[Start of Attachment]

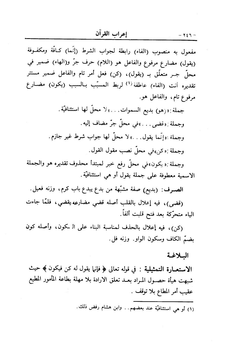 مفعول به منصوب (الفاء) رابطة لجواب الشرط (إنّما) كافّة ومكفوفة (يقول) مضارع مرفوع والفاعل هو (اللام) حرف جرّ و (الهاء) ضمير في محلّ جر متعلّق ب (يقول) ، (كن) فعل أمر تام والفاعل ضمير مستتر تقديره أنت (الفاء) عاطفة «1» لربط المسبّب بالسبب (يكون) مضارع مرفوع تام، والفاعل هو.
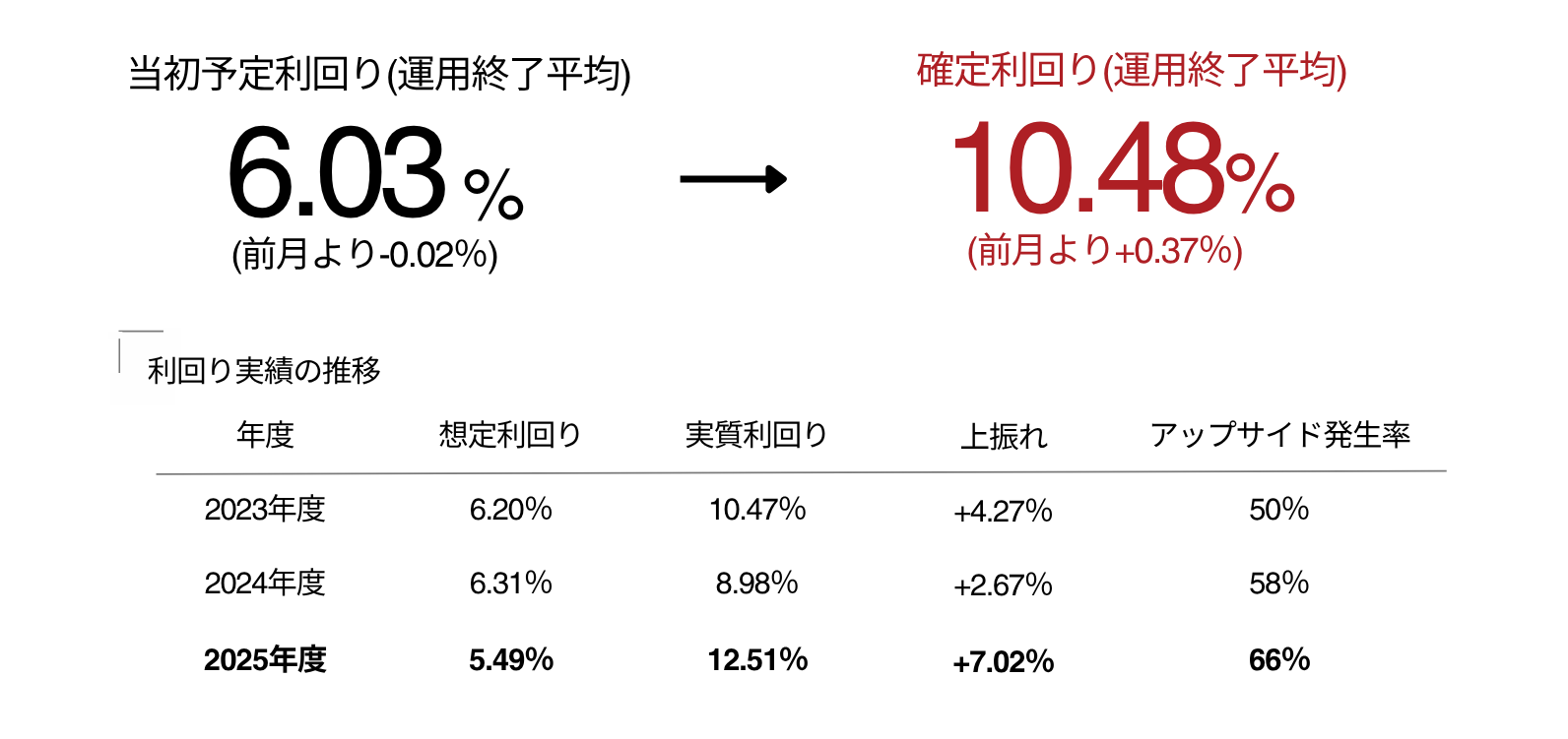 想定利回りに対する上振れとアップサイド発生率はいずれも安定して推移しており、特に2025年度は大きく上振れする結果となりました。運用の再現性と精度が着実に高まっていることが、実績として表れています。
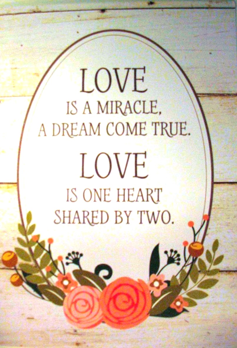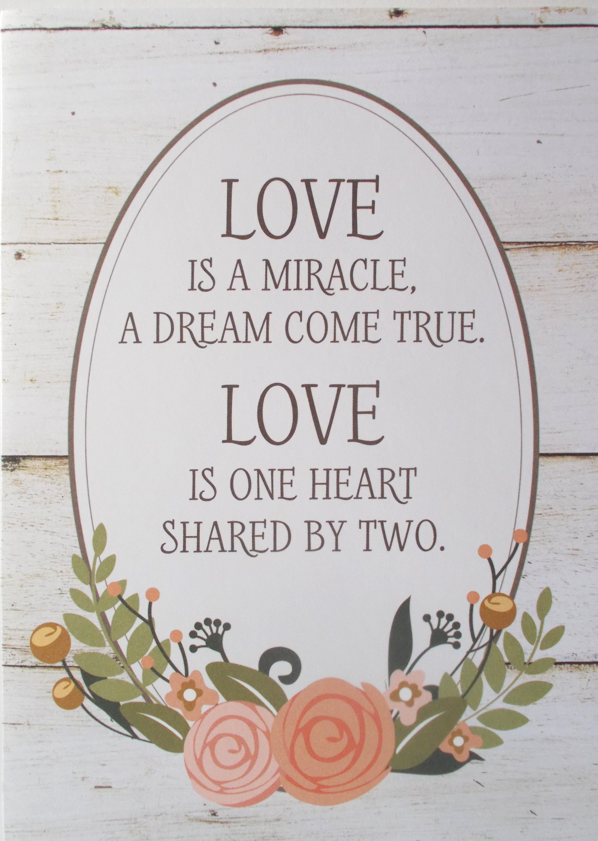Front of Card : Love is a Miracle, A Dream Come True. Love is One Heart Shared by Two.
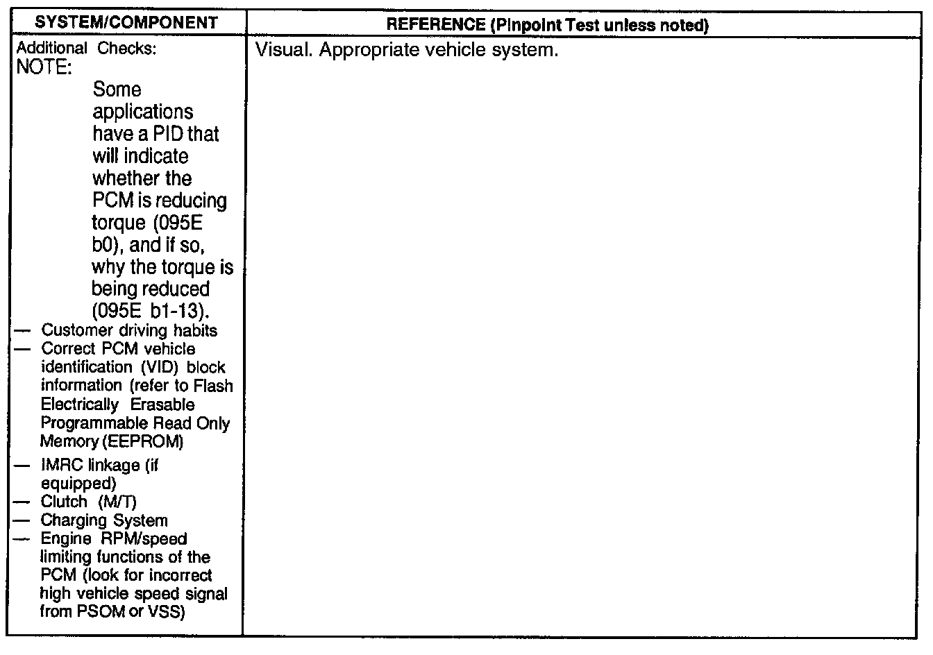 - Verify symptom is reported under normal driving conditions without excessive engine/vehicle load. Also, be aware of the engine rpm/speed limiting functions of the Powertrain Control Module (PCM).
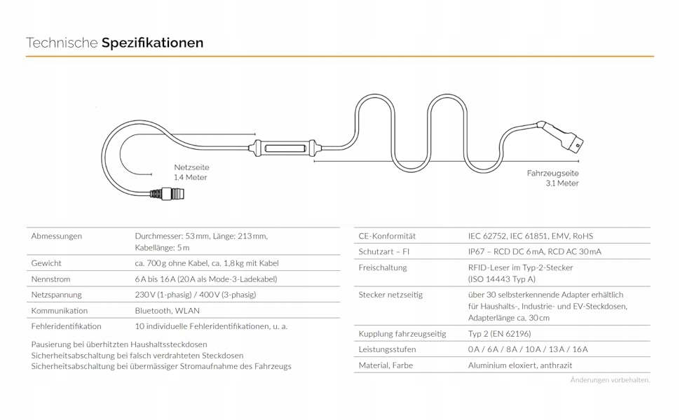 Благодаря нагрузке на колесах до 3 тонн, вы можете безопасно двигаться по нему, он является пылеипродажным и водонепроницаемым в соответствии со стандартом IP67 и может использоваться в любом месте при температуре от -30 до +50 градусов Цельсиса. Зарядная станция также может использоваться в качестве настенной коробки (с ручкой на стене) или в качестве зарядного кабеля (с адаптером типа 2)
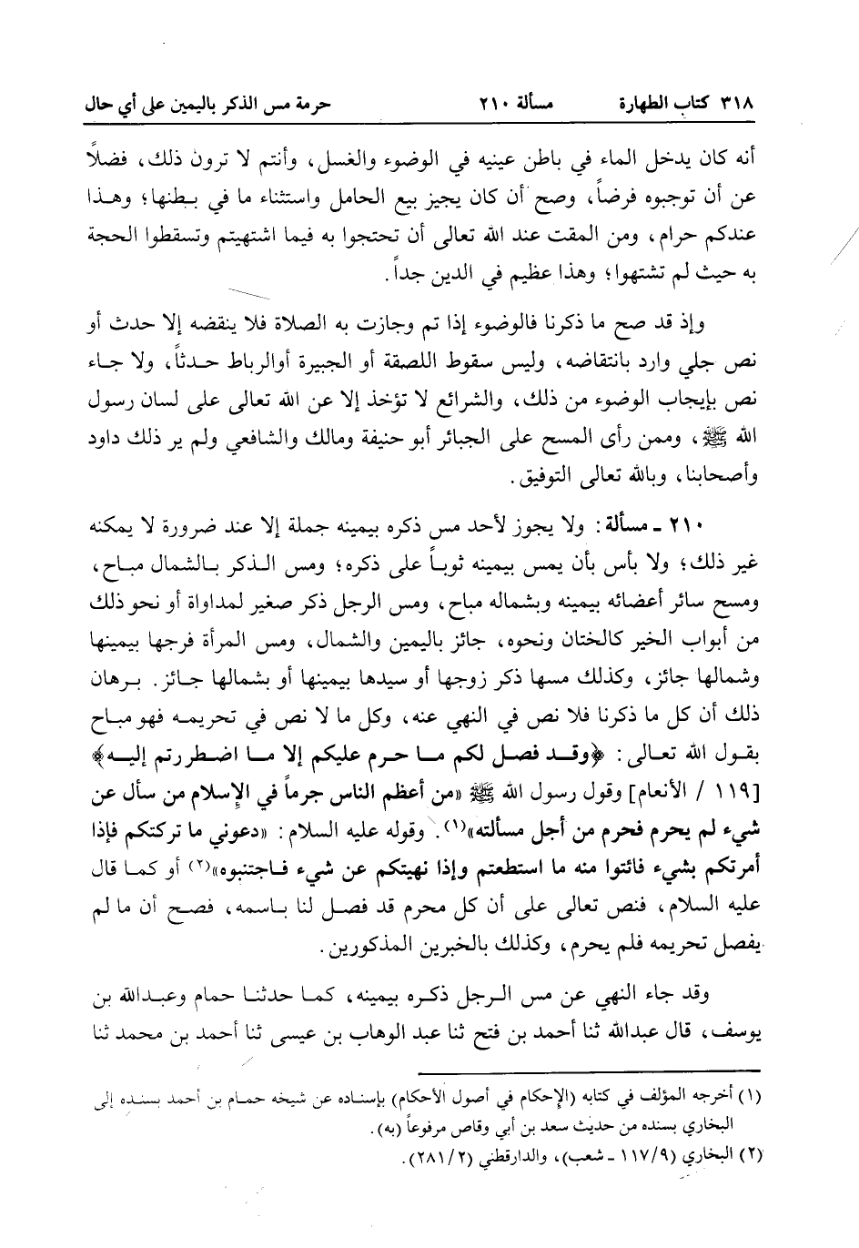 وَقَدْ جَاءَ النَّهْيُ عَنْ مَسِّ الرَّجُلِ ذَكَرَهُ بِيَمِينِهِ، كَمَا حَدَّثَنَا حَمَامٌ وَعَبْدُ اللَّهِ بْنُ يُوسُفَ، قَالَ عَبْدُ اللَّهِ ثنا أَحْمَدُ بْنُ فَتْحٍ ثنا عَبْدُ الْوَهَّابِ بْنُ عِيسَى ثنا أَحْمَدُ بْنُ مُحَمَّدٍ ثنا
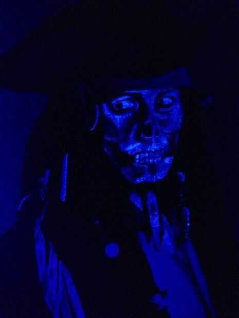 Ahora que el retrato del capitán Jack es hora de agregar un poco algo para este retrato de gato aparte de todo lo demás... Un poco azul UV reactivo la pintura! Pinté el estado maldito de Jack desde la primera película que aparece sólo en la luz de la luna. Pintaba en su rostro esquelético y accesorios que quería aparecer en el "moonlight" (luz negra) con la pintura UV. Lo bueno de esta pintura es que va en blanco lechoso y se seca totalmente claros para que durante el día el retrato de Jack ve a su ser normal y en la noche bajo la "Luna" se revela su maldición!
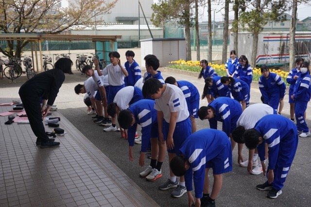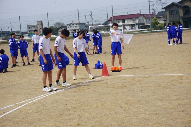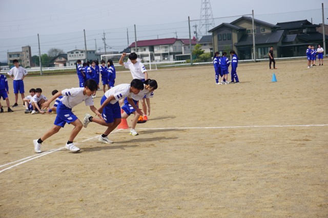 3年生の体育では、100m走が行われていました。穏やかな天候の下、生徒たちはクラスメートと競い合いながら元気にグラウンドを走っていました。

[End of Attachment]

--- Goal of the exercise ---
Give exactly those lines of the listing that run from its first line through the line with "Front of Card", leaving each picture out.

--- Answer for this exercise ---
 مفعول به منصوب (الفاء) رابطة لجواب الشرط (إنّما) كافّة ومكفوفة (يقول) مضارع مرفوع والفاعل هو (اللام) حرف جرّ و (الهاء) ضمير في محلّ جر متعلّق ب (يقول) ، (كن) فعل أمر تام والفاعل ضمير مستتر تقديره أنت (الفاء) عاطفة «1» لربط المسبّب بالسبب (يكون) مضارع مرفوع تام، والفاعل هو.
 想定利回りに対する上振れとアップサイド発生率はいずれも安定して推移しており、特に2025年度は大きく上振れする結果となりました。運用の再現性と精度が着実に高まっていることが、実績として表れています。
Front of Card : Love is a Miracle, A Dream Come True. Love is One Heart Shared by Two.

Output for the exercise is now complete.